Snowplow R109 Lambaesis real-time pipeline upgrade

21 August 2018  •  Ben Fradet

We are pleased to announce the release of Snowplow 109 Lambaesis, named after the archeological site in north-eastern Algeria. This release focuses on upgrading the AWS real-time pipeline components, although it also updates EmrEtlRunner and Spark Enrich for batch pipeline users.
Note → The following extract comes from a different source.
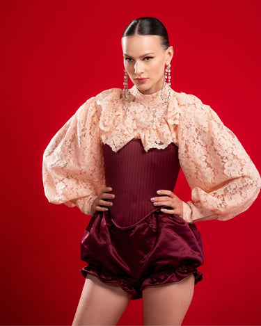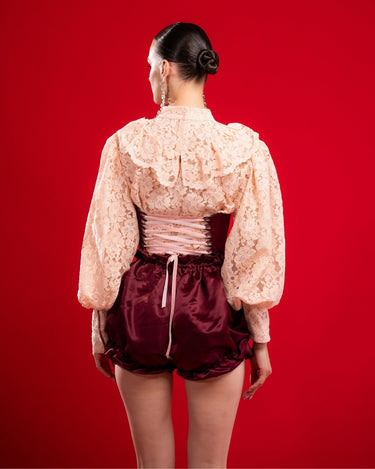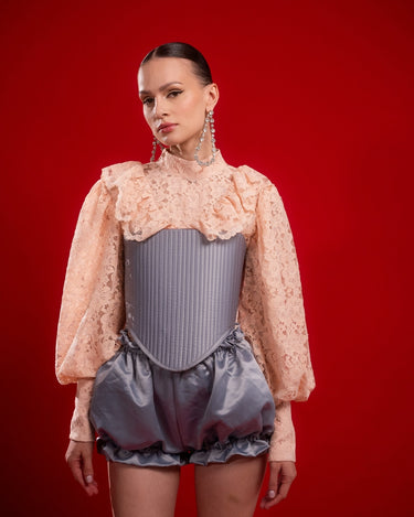 •Double sided corsets are definitely representative for our brand identity A statement item that can be reused and repurposed endlessly. By having two sides yo can style it in different ways. One is created from lime tafeta and the other one pink tafeta.

This release is one of the most community-driven releases in the history of Snowplow Analytics. As such, we would like to give a huge shout-out to each of the contributors who made it possible:

Please read on after the fold for:

  1. Enrichment process updates
  2. Scala Stream Collector updates
  3. EmrEtlRunner bugfix
  4. Supporting community contributions
  5. Upgrading
  6. Roadmap
  7. Help

lambaesis
Lambese - M. Gasmi / CC-BY 2.5

1. Enrichment process updates

1.1 Externalizing the file used for the user agent parser enrichment

Up until this release, the User Agent Parser Enrichment relied on a “database” of user agent regexes that was embedded along the code. With this release, we have externalized this file to decorrelate updates to the file from updates to the library, which gives us a lot more flexibility.

This User Agent Parser Enrichment update is available for both batch and real-time users, and we’ll be doing the same thing for the Referer Parser Enrichment as well.

Huge thanks to Kevin Irwin for contributing this change!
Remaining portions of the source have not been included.